### WHAT YOU HAVE TO DO
For each entry, repeat the text exactly and omit any picture it holds.

### DATA SUPPLIED
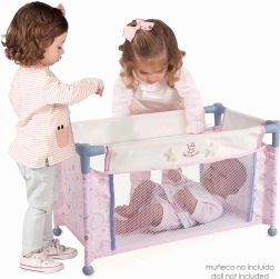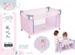 Cestovná postieľka pre bábiky Gala 2023 je súčasťou štýlovej ružovobielej kolekcie s malou gymnastkou, ktorá je novinkou roka 2023. Kolekcia ponúka kočiariky a iné doplnky pre malé slečny a ich bábiky.
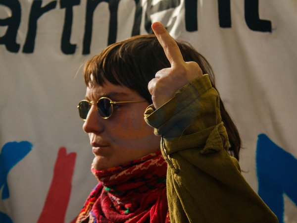 Demonstrators from various transgender rights groups under the "ANTIFA" banner counter protest the "No Men In Women's Prisons" march, London, UK, 1 November 2025, Credit:Alex Day / Avalon
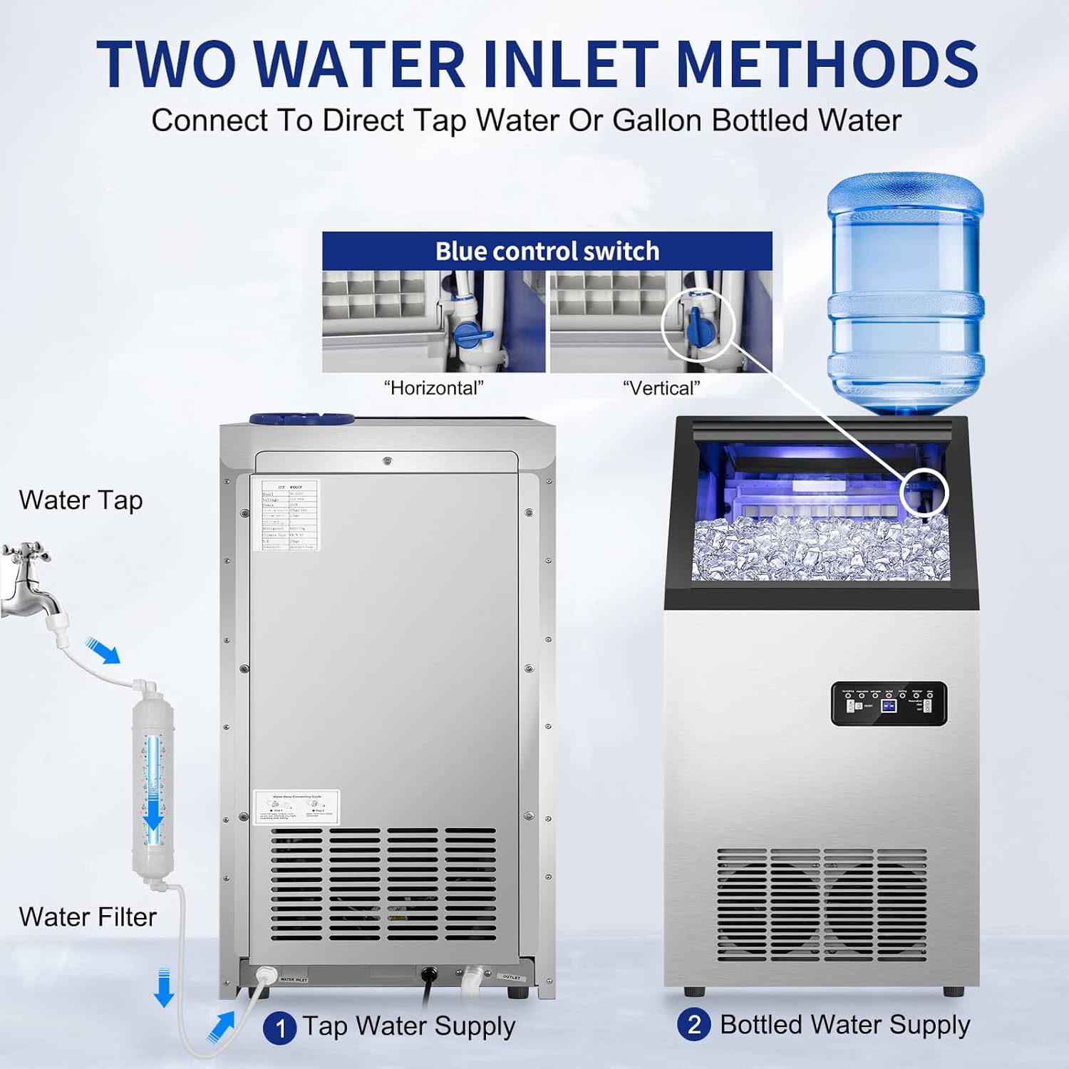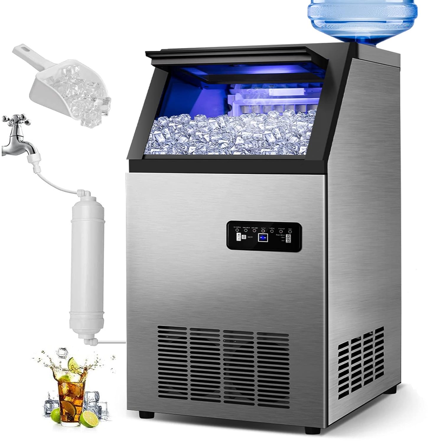 - 【2 WATER INLET MODES】- The Freestanding Ice Maker Machine supports 2 ways to add water -- tap water and gallon bottled water, the premium water filter can turn tap water into pure water, which makes the ice cubes crystal clear and harder, cloudless, and chewable, can meet the needs of commercial ice machine and household ice maker. Great for home, restaurant, bar, hotel, etc. In addition, an ice scoop is available to facilitate ice fetching.
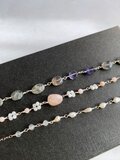ほんのりピンク色のモルガナイトをメインに、小さな石のお花を添えたブレスレットのシリーズです。
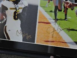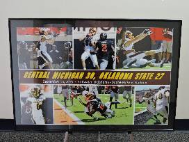 Never forget how the Chippewas stunned the nation with an incredible Hail Mary against Oklahoma State with this photo signed by Coach Bono, #8 Corey Willis, #10 Cooper Rush and #88 Jesse Kroll.
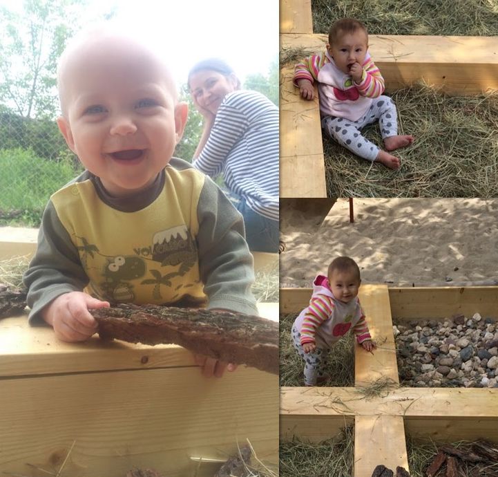 1 зона с сенсорными коробами. как в парке Измайлово. Для того, чтобы обеспечить ребенку разнообразный сенсорный опыт, а маме или папе снять стресс в коробе с сеном.
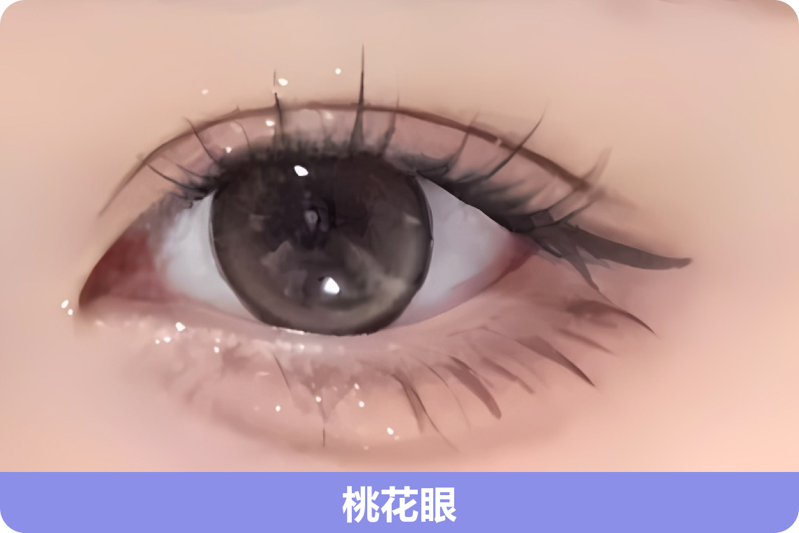 3、桃花眼:桃花眼因眼形似桃花而得名,眼型较长,眼尾略弯。上眼睑弯曲弧度较大,眼头深邃 ,眼尾略弯上翘或下垂。
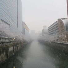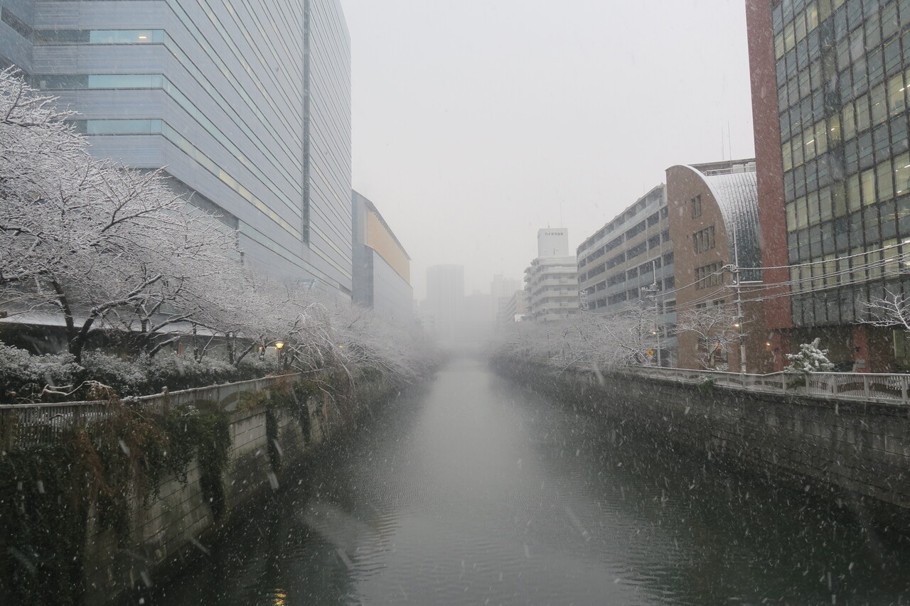 東京に大雪が降った一月のある日、雪景色の目黒川は桜並木に雪が降り積もって、一面の銀世界になっていました。桜が咲いているようにも見えました。桜並木沿いは車両通行不可の場所も多いので、しばらく雪が残っていました。
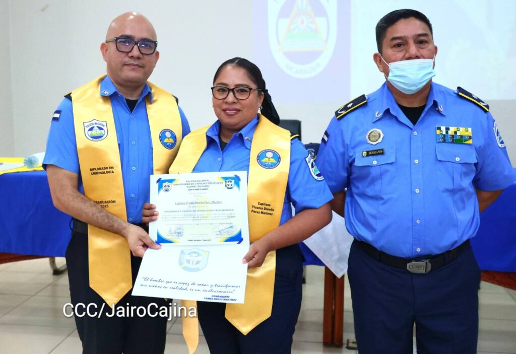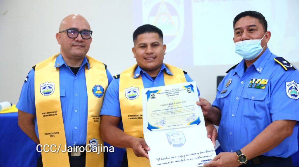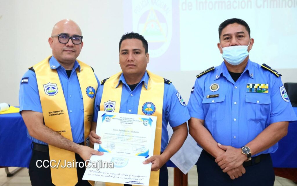 “Todo esto que nosotros hemos logrado en estos meses del diplomado, estarán al servicio de nuestro pueblo. Conocimientos que van a darle una mejor atención en nuestras investigaciones, para garantizar la paz, la seguridad a las familias nicaragüenses porque sabemos que con la paz no se juega”, expresó el comisionado general Ruiz.
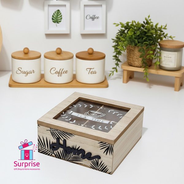 نظّم أكياس الشاي المفضلة لديك بأناقة مع هذا الصندوق الخشبي العصري المكوّن من ست خانات. يتميز بغطاء شفاف وتصميم جذاب يحمل كلمة “Home”، مما يجعله مثالياً لأي مطبخ أو ركن قهوة.
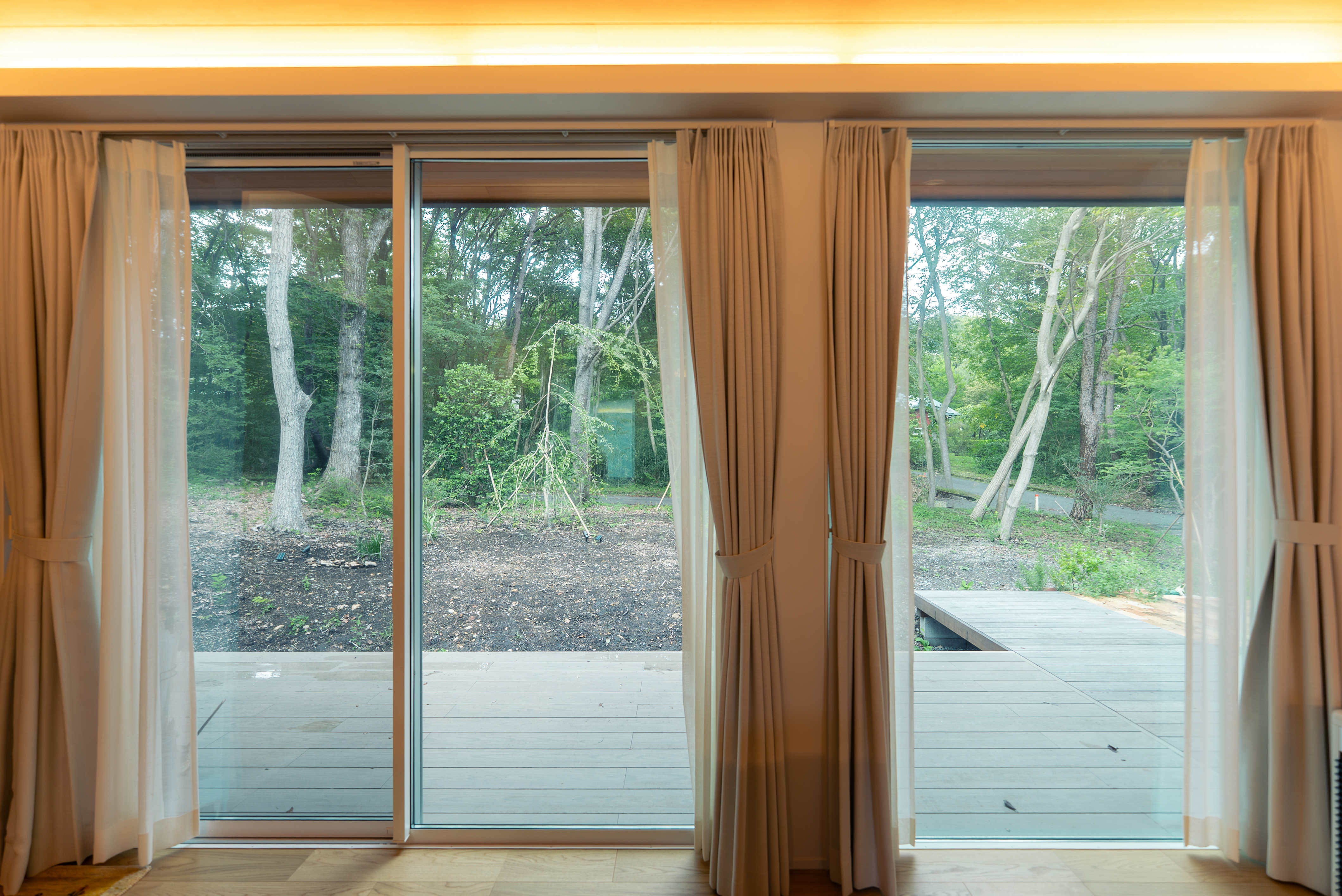 床から天井までの大開口が外の自然を室内に取り込み、四季の移ろいを感じる。内と外をつなぐウッドデッキが印象的。

### TASK SOLUTION
 Cestovná postieľka pre bábiky Gala 2023 je súčasťou štýlovej ružovobielej kolekcie s malou gymnastkou, ktorá je novinkou roka 2023. Kolekcia ponúka kočiariky a iné doplnky pre malé slečny a ich bábiky.
 Demonstrators from various transgender rights groups under the "ANTIFA" banner counter protest the "No Men In Women's Prisons" march, London, UK, 1 November 2025, Credit:Alex Day / Avalon
 - 【2 WATER INLET MODES】- The Freestanding Ice Maker Machine supports 2 ways to add water -- tap water and gallon bottled water, the premium water filter can turn tap water into pure water, which makes the ice cubes crystal clear and harder, cloudless, and chewable, can meet the needs of commercial ice machine and household ice maker. Great for home, restaurant, bar, hotel, etc. In addition, an ice scoop is available to facilitate ice fetching.
ほんのりピンク色のモルガナイトをメインに、小さな石のお花を添えたブレスレットのシリーズです。
 Never forget how the Chippewas stunned the nation with an incredible Hail Mary against Oklahoma State with this photo signed by Coach Bono, #8 Corey Willis, #10 Cooper Rush and #88 Jesse Kroll.
 1 зона с сенсорными коробами. как в парке Измайлово. Для того, чтобы обеспечить ребенку разнообразный сенсорный опыт, а маме или папе снять стресс в коробе с сеном.
 3、桃花眼:桃花眼因眼形似桃花而得名,眼型较长,眼尾略弯。上眼睑弯曲弧度较大,眼头深邃 ,眼尾略弯上翘或下垂。
 東京に大雪が降った一月のある日、雪景色の目黒川は桜並木に雪が降り積もって、一面の銀世界になっていました。桜が咲いているようにも見えました。桜並木沿いは車両通行不可の場所も多いので、しばらく雪が残っていました。
 “Todo esto que nosotros hemos logrado en estos meses del diplomado, estarán al servicio de nuestro pueblo. Conocimientos que van a darle una mejor atención en nuestras investigaciones, para garantizar la paz, la seguridad a las familias nicaragüenses porque sabemos que con la paz no se juega”, expresó el comisionado general Ruiz.
 نظّم أكياس الشاي المفضلة لديك بأناقة مع هذا الصندوق الخشبي العصري المكوّن من ست خانات. يتميز بغطاء شفاف وتصميم جذاب يحمل كلمة “Home”، مما يجعله مثالياً لأي مطبخ أو ركن قهوة.
 床から天井までの大開口が外の自然を室内に取り込み、四季の移ろいを感じる。内と外をつなぐウッドデッキが印象的。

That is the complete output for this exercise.